IvanVolosyuk commented 6 months ago

It is a question between presentation and factual information. Factual information - there is no service at a stop / route / agency, etc. It is a decision for an app developer on how to deliver this information to their users and how to react to the factual information. Different apps have different capabilities and presentations, it is not a data provider decision here unless we want the spec to dictate presentation of transit information.

leonardehrenfried commented 6 months ago

@IvanVolosyuk While I agree with that sentiment, the point of the spec is to facilitate communication between producers and consumers. Since there are competing approaches to achieve a stop being excluded from routing, I think it would be proper to add some language to the spec that manages the reasonable expectations that producers might have.

gcamp commented 6 months ago

How is a producer supposed to cancel let's say a stop for a month? Or, cancel it for this weekend? In a way where route planner can effectively cancel those stops. Providing a trip update of all the trips with one stop time SKIPPED is definitely possible but it's not efficient at all.
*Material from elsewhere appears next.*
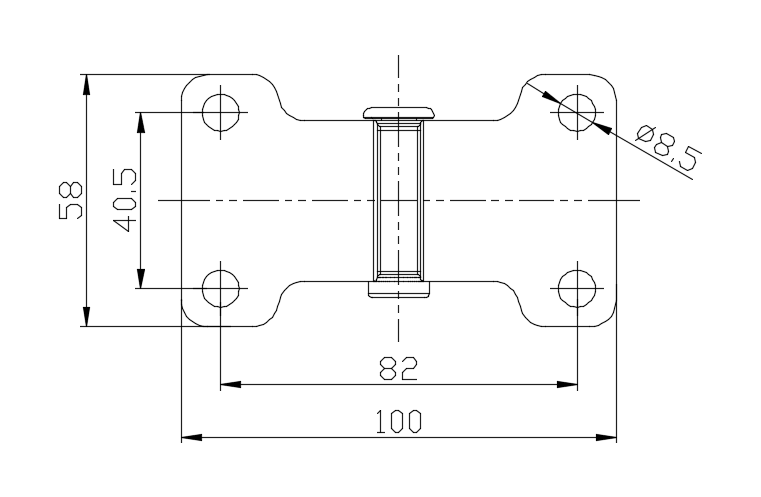 | 固定式脚轮,一体成型冲压脚架—孔距82x40.5

It's a case where a producer will have very simple information "Stop X is closed for 3 months", and will create an alert with that exact information. Instead we're proposing that we expand that simple information to all the trips affected, then a consumer parse potentially hundreds of trip update to make sure that stop is cancelled for a laps of time.

Additionally, to me a SKIPPED stop on a trip update doesn't mean the stop is cancelled. It might be skipped for other operational reason (bus bunching, etc). And as an app I would want to display those two cases differently (one is a cancelled stop for a time period, the other is just a skipped stop for one or some trips).

Some might argue that we should parse those trip updates, then figure out that there's a pattern of skipped stops for a sufficient length of time (ex : 5 trips in a row skipped this stop, then we should mark it as cancelled). Even if we ignore the complexity making this process happen, creating the heuristics to figure out if it's one type of cancellation or an other doesn't seems like it's a productive work when the agency already has that information in hand.

Finally, I agree this behaviour should be clarified and formalized, but I don't think saying NO_SERVICE alerts should not change planner/app behaviour without any replacement way of achieving this feature is the way to go.

dbabramov commented 6 months ago

One challenge with the proposed clarification is that producers need to support RT Trip Updates feeds. Not all data producers have the technical capabilities to produce a Trip Updates feed (or produce it with an acceptable level of quality). Therefore cancelling services with a service alert happens to be the only available option in their disposal.

Besides, data providers who want to display information to customers can choose other effect values, e.g. MODIFIED_SERVICE.

optionsome commented 6 months ago

We should also consider what is the time span for cancelling things through realtime updates. If you want to close a stop for 3 months, maybe it makes sense to edit the scheduled data (GTFS) to not have the stop in the schedules for any route. Although, I can see how it can make sense to include the "skipped" stop in the schedules for longer periods of time to clearly communicate to the users that a stop is skipped.

This also touches the topic of planned cancellations. NETEX (as far as I'm aware) has possibility to include cancellations in the planned data, GTFS does not. Planned cancellations in the static data would be a good fit for these longer disruptions.

miklcct commented 3 months ago

It's the producer's responsibility to skip stops in TripUpdate when a service does not call at a stop for any reason. It is just a simple database query on the static GTFS to select all services which call at a particular stop, and StopUpdate objects can be mass produced as a result.